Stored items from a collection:
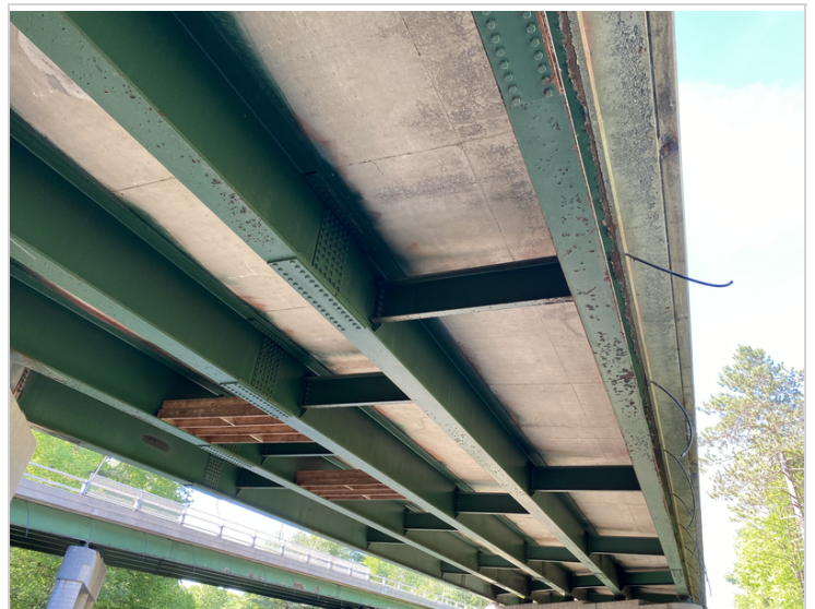
Span #2 Superstructure
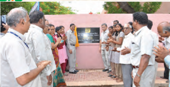
Executive Director inaugurating compound wall at Government Girls Higher Secondary School, Walajha

approx. 2500 girl students from under-privileged sections of the society study. The compound wall was in a damaged/dilapidated condition making the girl
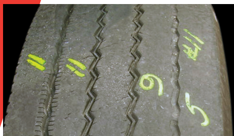
One Sided Wear
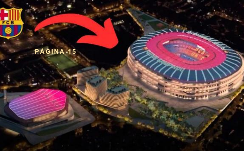
BARÇA NEW FIELD
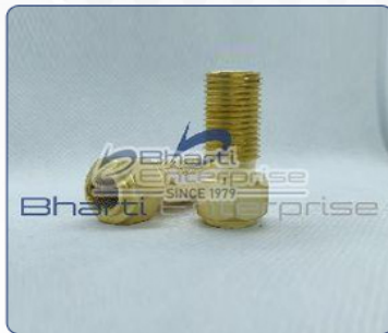
Automobile Brass Switch Parts
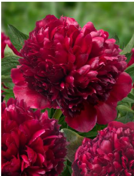
Red Grace (1980) Early
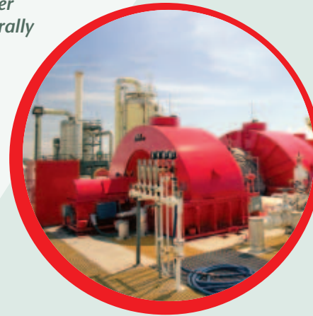
This geothermal power plant in the agriculturally rich Imperial Valley of Southeastern California produces electricity with little more than water vapor emissions.

Direct-use applications directly pipe hot water from geothermal resources to provide heat for industrial processes, crop drying, greenhouses, aquaculture, recreation, sidewalk snow-melting, and buildings. Geothermal district heating systems supply heat to multiple buildings through a network of pipes carrying the hot geothermal water.
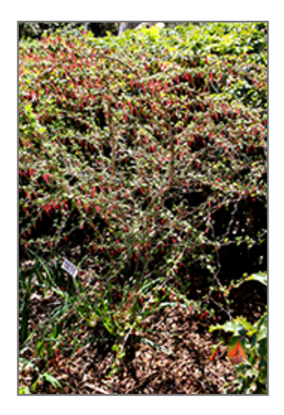
Fuchsia-flowered Gooseberry in bloom
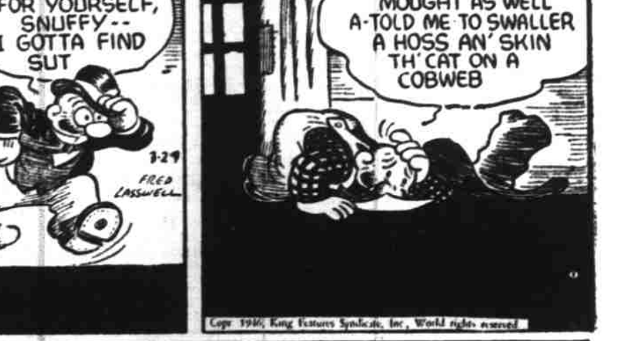
READ IT FOR YOURSELF, SNUFFY-- I GOTTA FIND SUT. THAT DITTY GOOGLE MOUGHT AS WELL A-TOLD ME TO SWALLER A HOSS AN' SKIN TH' CAT ON A COBWEB.
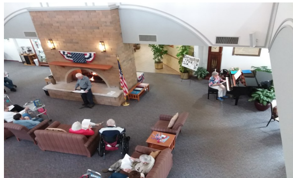
Bonnie lead everyone in song while playing the piano. Much thanks to both!
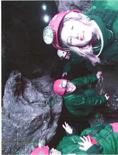
An educated and inspired community

Based on the above outputs, my recommendation to the Commission is to grant approval for the WALLARAH 2 COAL PROJECT! 7
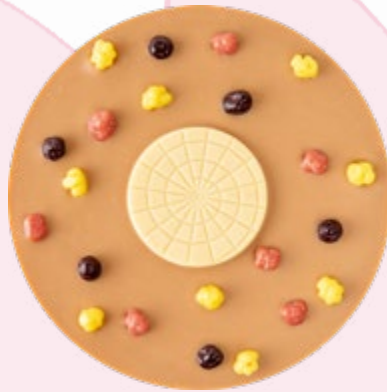
RAINBOW Art. No. 24177 Milk Choco + White Choco + Crunchy Fruit

Sweet & colourful, just like life itself: one disc made of milk chocolate and a smaller one made of sweet white chocolate. Decorated brightly all over with crunchy, chocolatey fruit: crispy strawberries in a pink strawberry couverture, passion fruit in a sunny, yellow passion fruit couverture and blueberries in a purple blueberry couverture, all of their stunning colours derived entirely naturally from berries and other fruit.
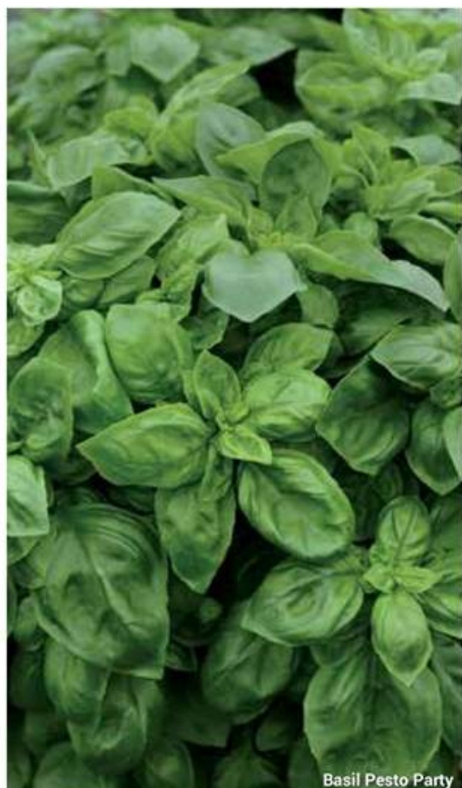
Basil Pesto Party

• _EXERCISE REQUIREMENTS_:
What's needed is an exact copy of the lines above from the one with "Executive Director inaugurating" through the one with "Automobile Brass Switch Parts", both included; the pictures stay out.

• _EXPECTED ANSWER_:
Executive Director inaugurating compound wall at Government Girls Higher Secondary School, Walajha

approx. 2500 girl students from under-privileged sections of the society study. The compound wall was in a damaged/dilapidated condition making the girl
One Sided Wear
BARÇA NEW FIELD
Automobile Brass Switch Parts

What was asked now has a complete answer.